• YOUR OBJECTIVE: What is the number of lines in the data that hold the string "culturales"? Reply with that number only.

• EXTRACTED ENTRIES:
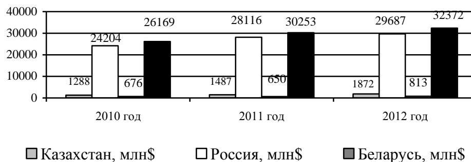
Рисунок 2 - Динамика стоимостного объема фармацевтических рынков ЕЭП в 2010–2012 гг., в $ млн

Динамика стоимостного объема фармацевтических рынков (ЕЭП) Казахстана, России и Беларуси за 2010–2012 гг., в $млн., представлена на рисунке 2.
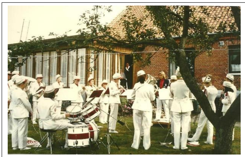
Aarhus Pigeband ved Guldbrylluppet
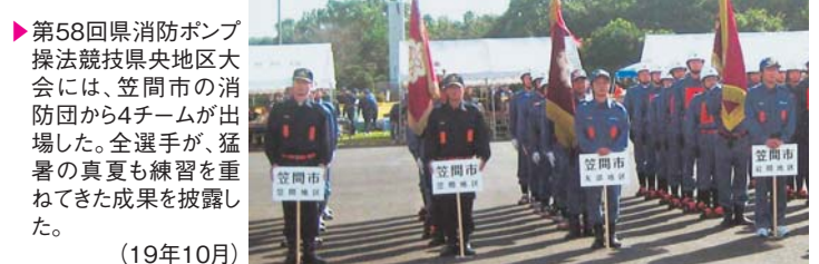
▶ 第58回県消防ポンプ操法競技県央地区大会には、笠間市の消防団から4チームが出場した。全選手が、猛暑の真夏も練習を重ねてきた成果を披露した。(19年10月)
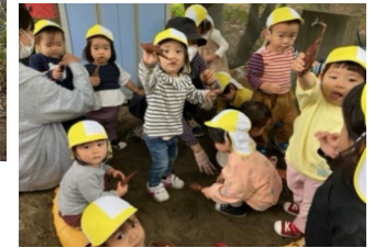
りす組とうさぎ組はここで芋ほりをしました。 結構、大きいお芋がほれました。
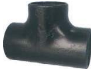
TEE AC P/S
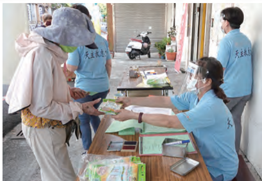
▲互愛物資銀行物資發放，在謹遵政府防疫規定下，有條不紊地進行。
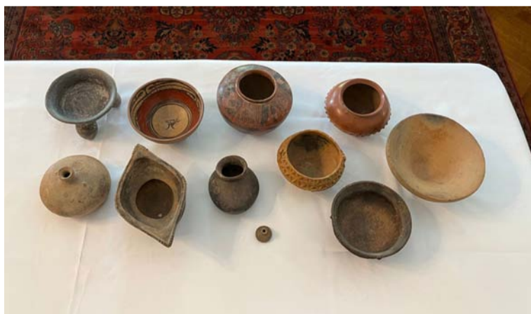
La repatriación de estas piezas culturales marca un avance en la protección del patrimonio colombiano.

El Gobierno nacional, a través del Ministerio de Relaciones Exteriores, autorizó la repatriación de 115 bienes culturales de
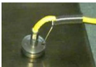
磁石表面 温度センサ
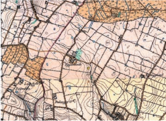
Gården Thygesminde. Lave målebordsblade 1901-1971.

tilbragte de dog ofte somrene på Thygesminde eller i et lejet hus i Strandhuse.
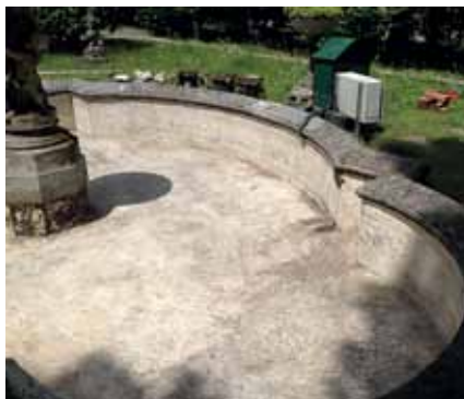
Le superfici in calcestruzzo sono state completamente pulite e levigate.

• RESPONSE FOR THIS EXERCISE: 2